Concussion Symptoms May Disappear, But Slowed Brain Blood Flow Persists
The symptoms of a concussion may pass, but a new study shows that even following clinical recovery, some athletes experience reduced blood flow to the brain.
Researchers at Medical College of Wisconsin found that up to eight days after injury, football players who suffered from a concussion still showed lower blood in the brain even when symptoms had subsided.
During the study, researchers examined 18 concussed players and 19 non-concussed players. They looked at MRIs of each individual within 24 hours following their injury and a follow-up MRI eight days after the injury--comparing results with those of the non-concussed players.
The concussed players demonstrated significant impairment on clinical assessment at 24 hours post-injury, but returned to baseline levels at eight days. In contrast to clinical manifestation, the concussed players demonstrated a significant blood flow decrease at eight days relative to 24 hours post-injury, while the non-concussed players had no change in cerebral blood flow between the two time points.

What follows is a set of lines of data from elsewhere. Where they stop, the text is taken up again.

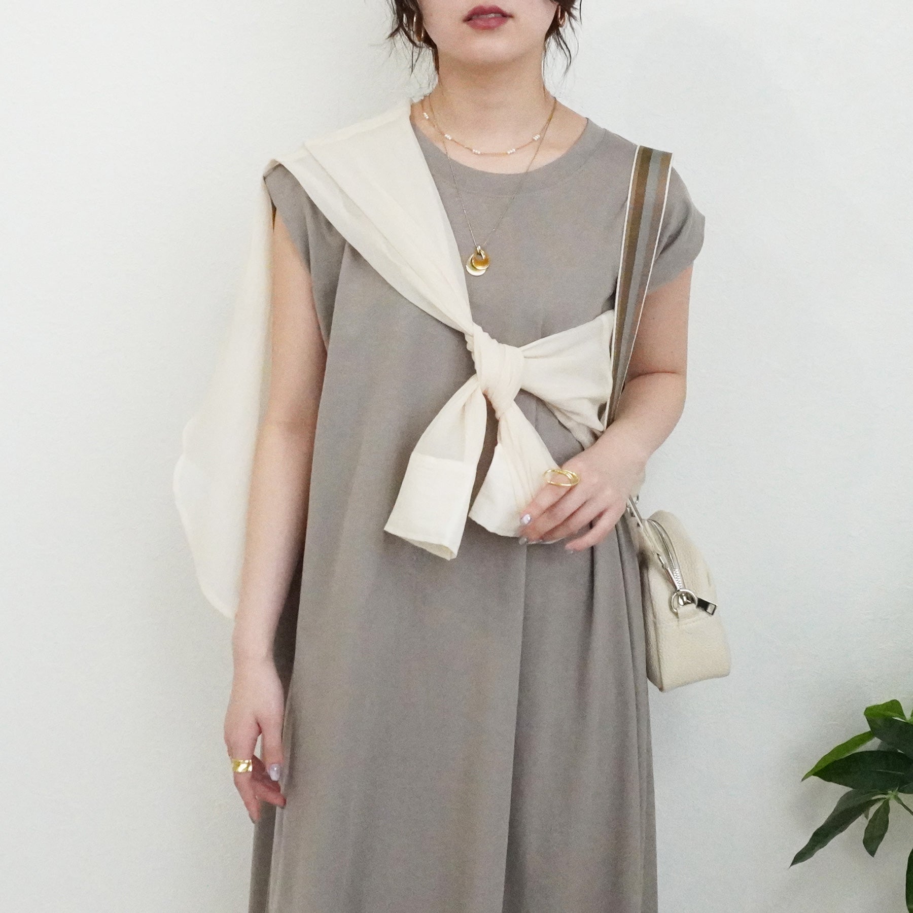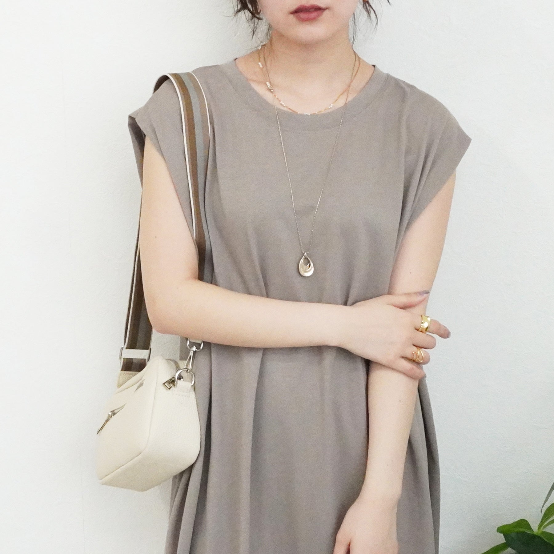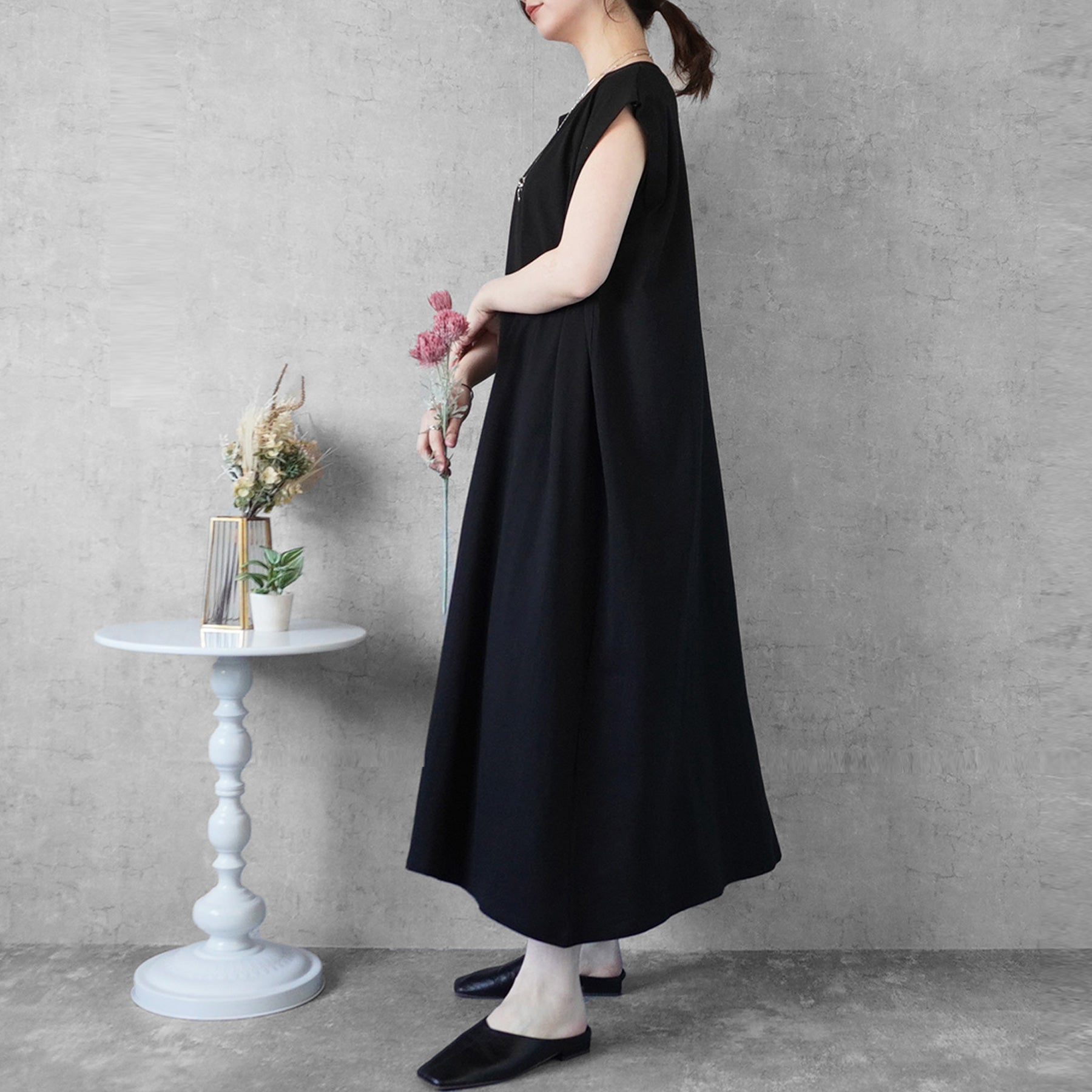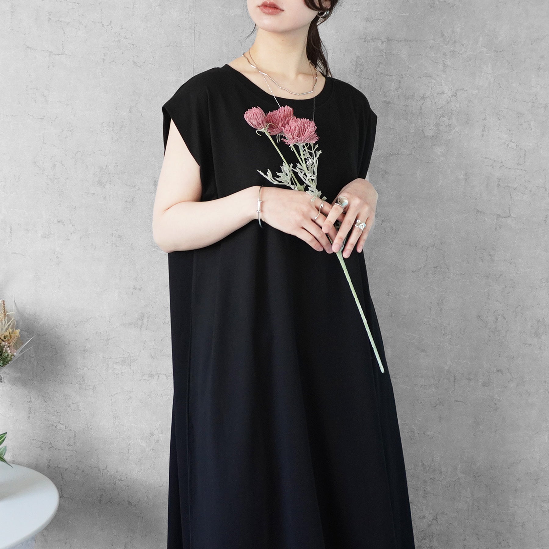 天竺ノースリーブロングワンピース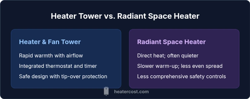Compare heater and fan combo towers, analyze heat output, safety, energy use, and costs. Heater Cost's analytical buying guide helps homeowners choose the best tower heater for small spaces.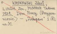 KROKOWSKI Józef LINDA, Jen. ; MISCHKE, Tadeusz. ; 1929 Dom Pracy. (Przypomnienie.)
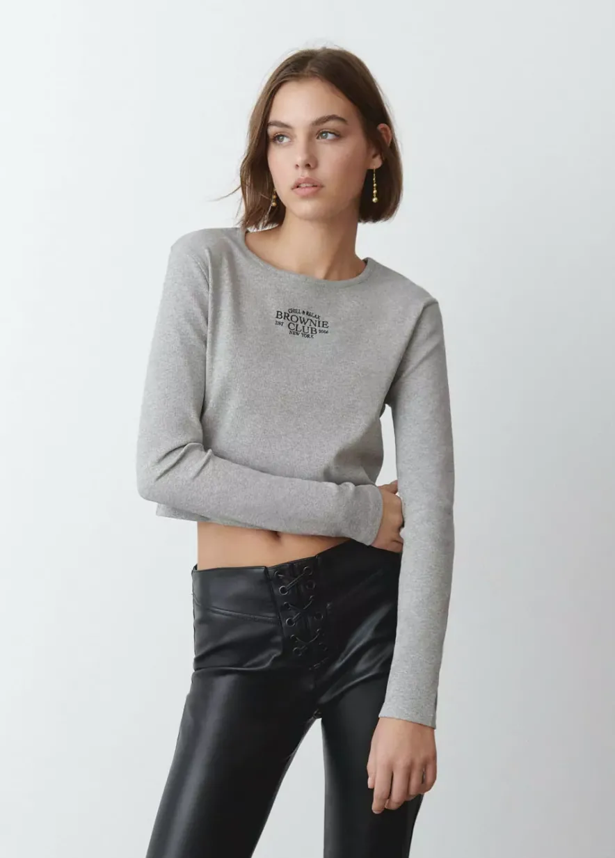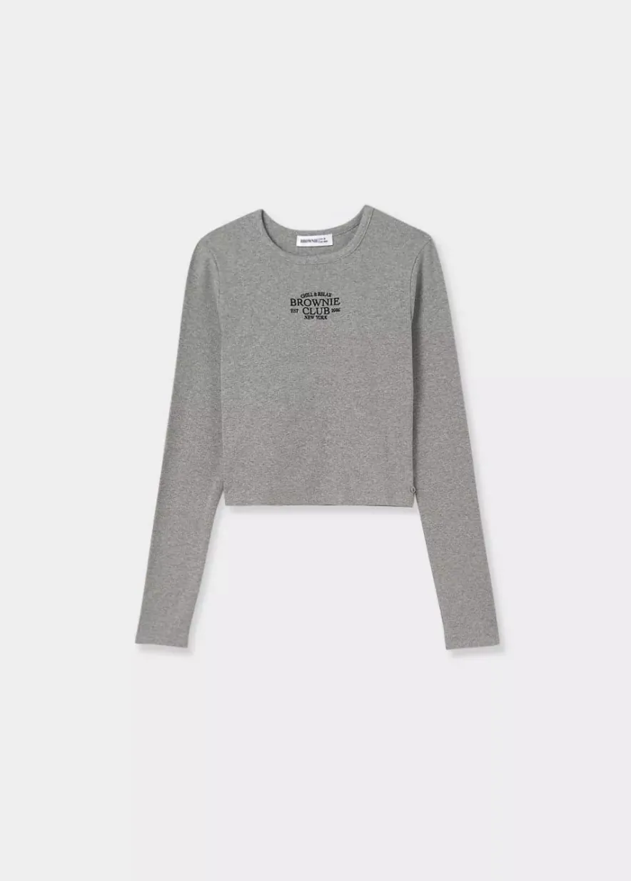 Camiseta Cropped De Manga Larga, Cuello Redondo Y Mensaje En El Frontal.Composicion:

"In eight days, the concussed athletes showed clinical recovery," study author Yang Wang, M.D., Ph.D., associate professor of radiology at the Medical College of Wisconsin, said in a news release. "However, MRI showed that even those in clinical recovery still had neurophysiological abnormalities. Neurons under such a state of physiologic stress function abnormally and may become more susceptible to second injury."

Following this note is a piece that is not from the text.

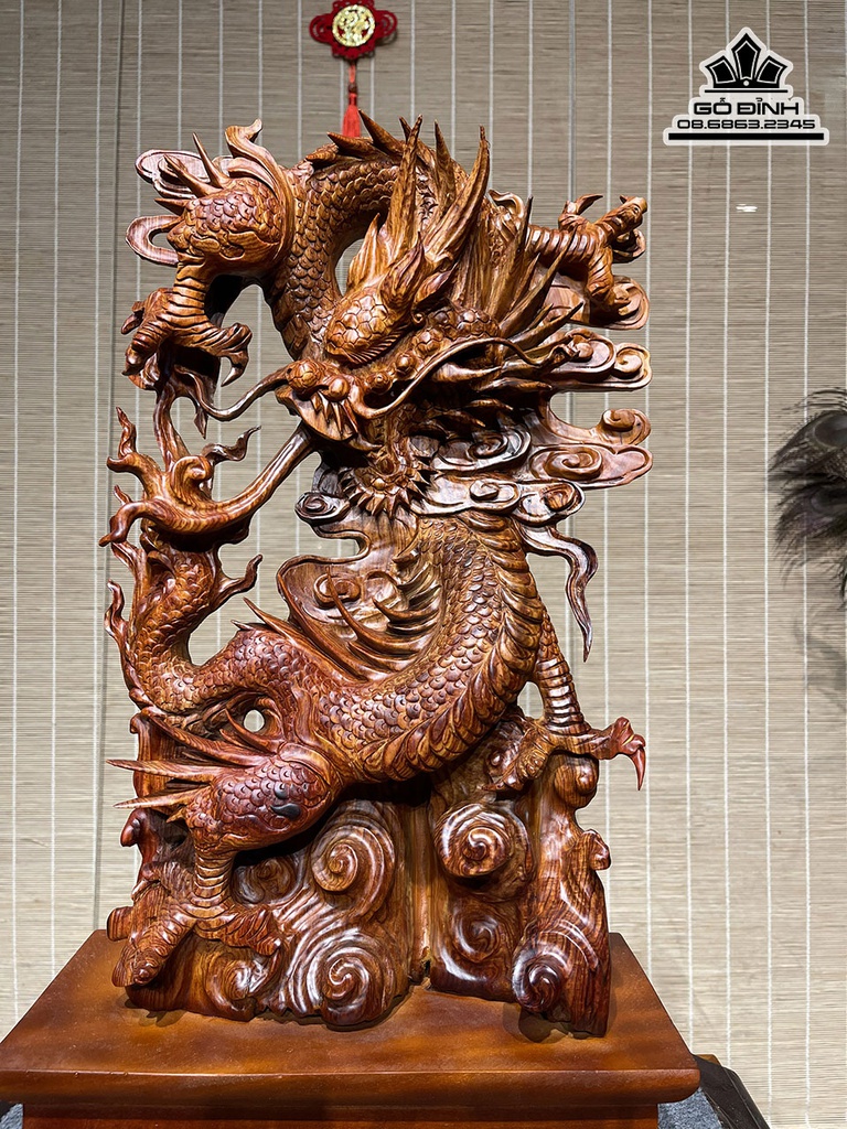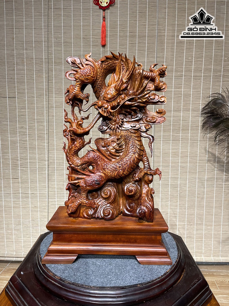 Tượng Nhất Long Gỗ Cẩm Lai Cao 42 Ngang 27 Sâu 12 (cm)

The study sample is rather small and health experts say it's too early to determine what reduced cerebral blood flow could mean for the future. However, the findings hold important implications for anyone who may deal with a concussion--and particularly for athletes who likely deal with reoccurring ones.

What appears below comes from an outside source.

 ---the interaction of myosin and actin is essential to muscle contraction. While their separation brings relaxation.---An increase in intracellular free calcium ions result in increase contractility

Furthermore, statistics from 2010 show that about 2.5 million emergency department (ED) visits, hospitalizations or even deaths were associated with traumatic brain injuries--what's defined as a bump, blow or jolt to the head or a penetrating head injury that disrupts the normal function of the brain, according to Centers for Disease Control and Prevention (CDC).
The findings were presented at the Radiological Society of North America's annual meeting.